Location
- Country: Kenya and Tanzania
- Coordinates: 1°59′42″S 36°48′00″E﻿ / ﻿1.9950°S 36.8000°E
- General direction: North to south
- From: Isinya, Kenya
- To: Singida, Tanzania

Ownership information
- Owner: Government of Kenya & Government of Tanzania
- Partners: African Development Bank
- Operator: Kenya Electricity Transmission Company & Tanzania Electric Supply Company

Construction information
- Contractors: North China Power Engineering Company Limited
- Expected: 2024

Technical information
- Current type: AC
- Total length: 315.5 mi (507.7 km)
- AC voltage: 400kV
- No. of circuits: 2

= Isinya–Singida High Voltage Power Line =

High voltage power transmission line in Kenya and Tanzania

The Isinya–Singida High Voltage Power Line is a high voltage electricity power line, under construction, connecting the high voltage substation at Isinya, Kenya to another high voltage substation at Singida, Tanzania.

== Location ==
The power line starts at Isinya, in Kajiado County, about 58 km south of Nairobi, and runs in a southerly direction for approximately 109 km to the border with Tanzania at Namanga.

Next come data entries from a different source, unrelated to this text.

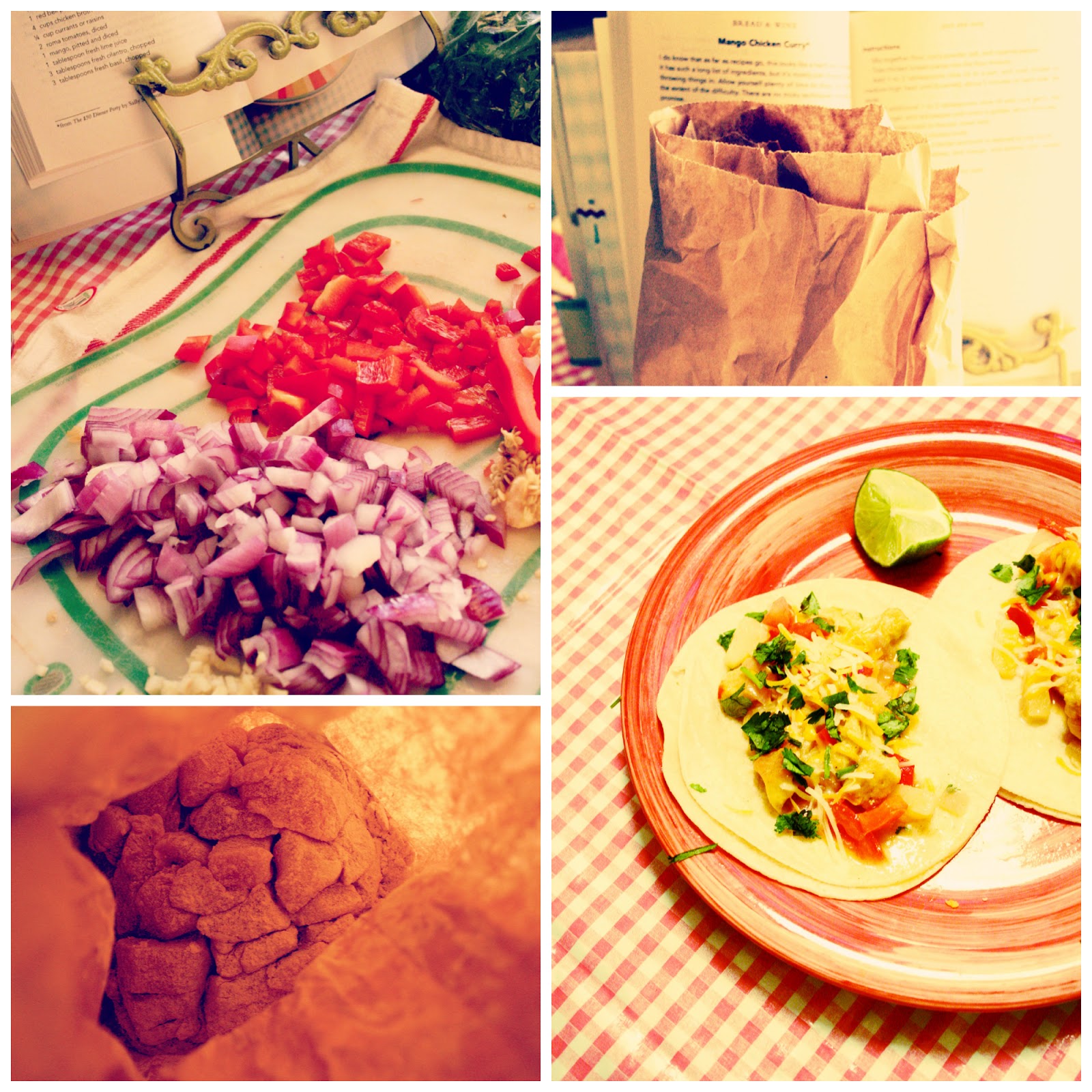 Now, lest you think Shauna would be irritated by my changes, let me assure you that she is not. Part of Shauna's cooking philosophy is make it your own. She wants you to find your way to connect, create and enjoy the process of cooking for others and yourself. All throughout Bread & Wine, Shauna shows time and time again, the wonderful, magical things that can happen, when you open your heart- and your table- to and embrace and explore new methods, new flavors, new challenges, new friends, and try things you would never have tried before. Like curry tacos.
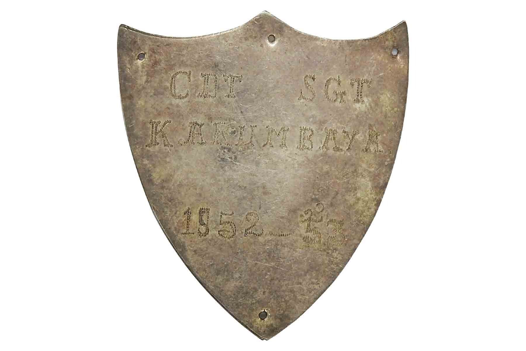 India, Armed Forces Medal, Silver, Obv. Name of Person awarded and year, Cdt. Sgt. Karumbaya, 1952-53, Rev. Blank, Scarce.
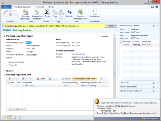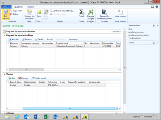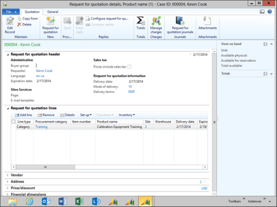 The good thing about requisitions is that the users are able to ask for almost anything, although when they ask for something that you have never purchased before, someone has to source it. Dynamics AX makes this a lot easier, because you are able to create a Request For Quotation for any of the requisitioned lines directly from the Requisition itself that then automatically updates the requisition lines when a vendor quote has been approved.
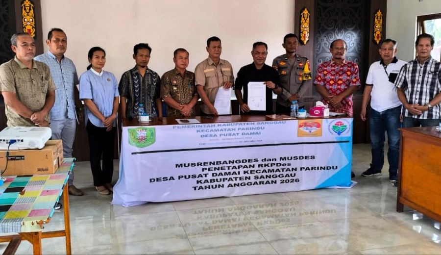 Camat Parindu, didampingi oleh Kasi Tata Pemerintahan (Tapem) serta Staf Kesra Kecamatan Parindu, menghadiri Kegiatan Musyawarah Desa (Musdes) Penetapan dan
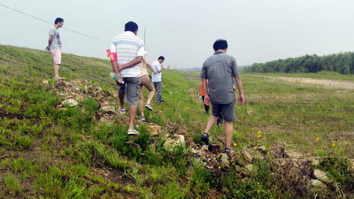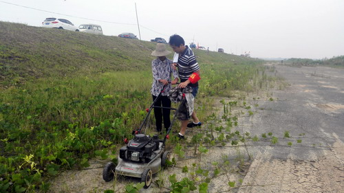九院团干在赤湖堤上除草
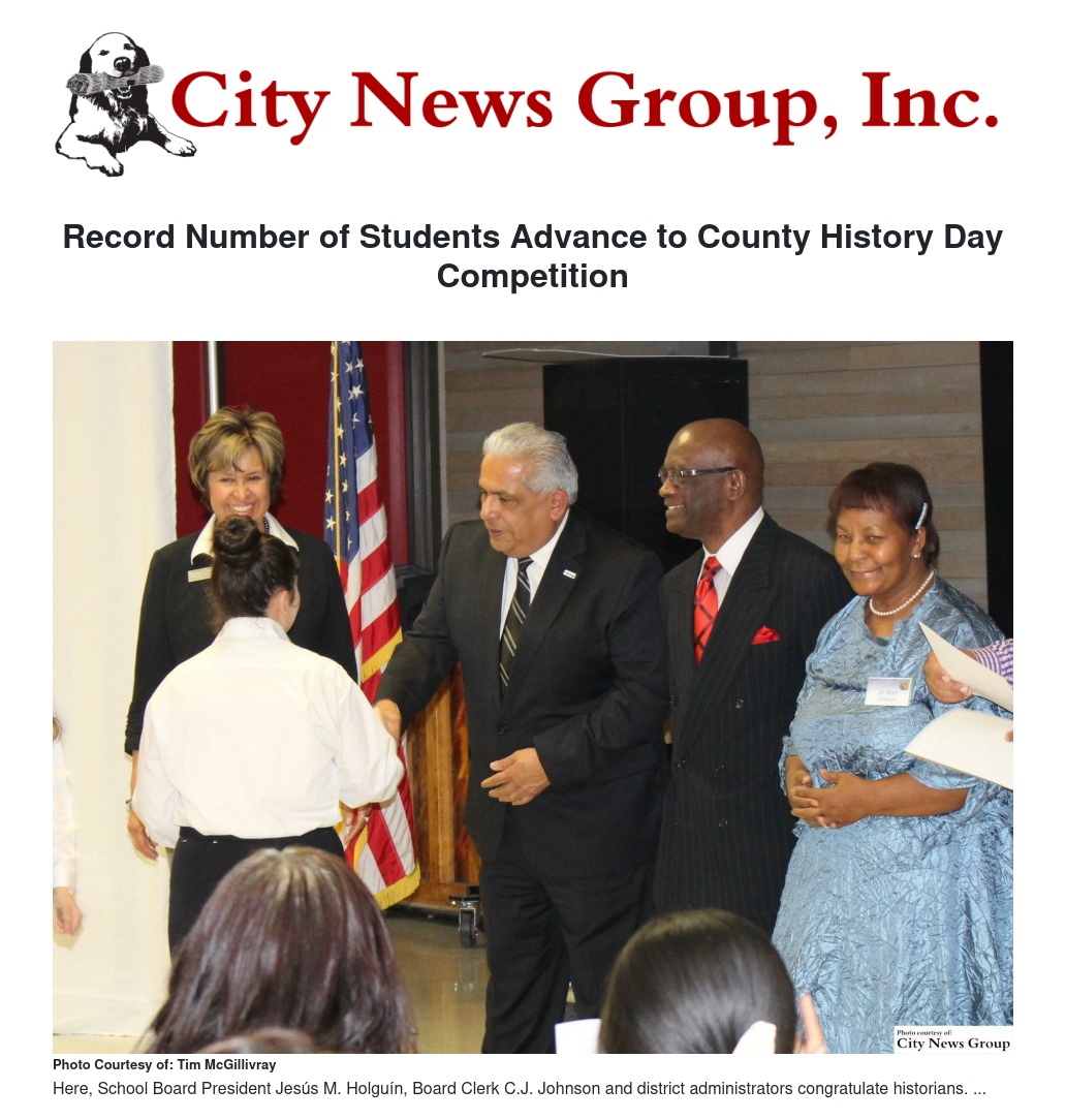 Record Number of Students Advance to County History Day Competition

At Namanga the power line crosses into Tanzania and follows a southerly direction to Arusha, a distance of about 110 km from Namanga. From Arusha the line travels in a south-westerly direction for about 325 km to end at Singida. According to the African Development Bank, 93.1 km of the line are located in Kenya and 414.5 km are located in Tanzania, for total length of 507.6 km.

== Overview ==
As far back as 2015, Kenya, Tanzania and Zambia began to explore the amount of electricity that can be moved along high voltage power lines linking the three countries. The objective was to exchange electricity between the Eastern Africa Power Pool to which both Kenya and Tanzania belong, and the Southern African Power Pool to which Tanzania ad Zambia belong. Each country would build and maintain the infrastructure within its borders. Kenya and Tanzania sought a joint consultant to advise on the project. A joint Environmental and Social Impact Assessment (ESIA) in both countries was carried out in 2014, funded by the African Development Bank (AfDB).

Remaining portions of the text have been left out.